• About this task: Each line in the records below, from the one that contains "Abumi: stirrups with Kaga Zogan decoration" to the one that contains "(Typical Pre-Restoration Photograph)", should be reproduced exactly, the first and last included.

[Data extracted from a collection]
******
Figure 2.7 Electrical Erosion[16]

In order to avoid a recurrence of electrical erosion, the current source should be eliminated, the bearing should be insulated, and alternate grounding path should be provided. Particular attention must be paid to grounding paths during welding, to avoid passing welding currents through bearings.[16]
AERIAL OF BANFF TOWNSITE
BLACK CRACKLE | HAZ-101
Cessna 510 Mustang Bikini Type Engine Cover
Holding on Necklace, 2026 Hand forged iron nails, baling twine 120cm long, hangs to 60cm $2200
******
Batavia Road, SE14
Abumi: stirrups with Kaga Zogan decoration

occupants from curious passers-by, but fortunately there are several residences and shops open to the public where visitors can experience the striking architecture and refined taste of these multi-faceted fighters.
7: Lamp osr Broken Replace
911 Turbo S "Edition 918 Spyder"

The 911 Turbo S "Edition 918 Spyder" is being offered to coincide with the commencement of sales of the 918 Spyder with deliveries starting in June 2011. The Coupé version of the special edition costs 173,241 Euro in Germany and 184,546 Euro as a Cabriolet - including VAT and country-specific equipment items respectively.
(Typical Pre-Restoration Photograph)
******
• Answer box:
Abumi: stirrups with Kaga Zogan decoration

occupants from curious passers-by, but fortunately there are several residences and shops open to the public where visitors can experience the striking architecture and refined taste of these multi-faceted fighters.
7: Lamp osr Broken Replace
911 Turbo S "Edition 918 Spyder"

The 911 Turbo S "Edition 918 Spyder" is being offered to coincide with the commencement of sales of the 918 Spyder with deliveries starting in June 2011. The Coupé version of the special edition costs 173,241 Euro in Germany and 184,546 Euro as a Cabriolet - including VAT and country-specific equipment items respectively.
(Typical Pre-Restoration Photograph)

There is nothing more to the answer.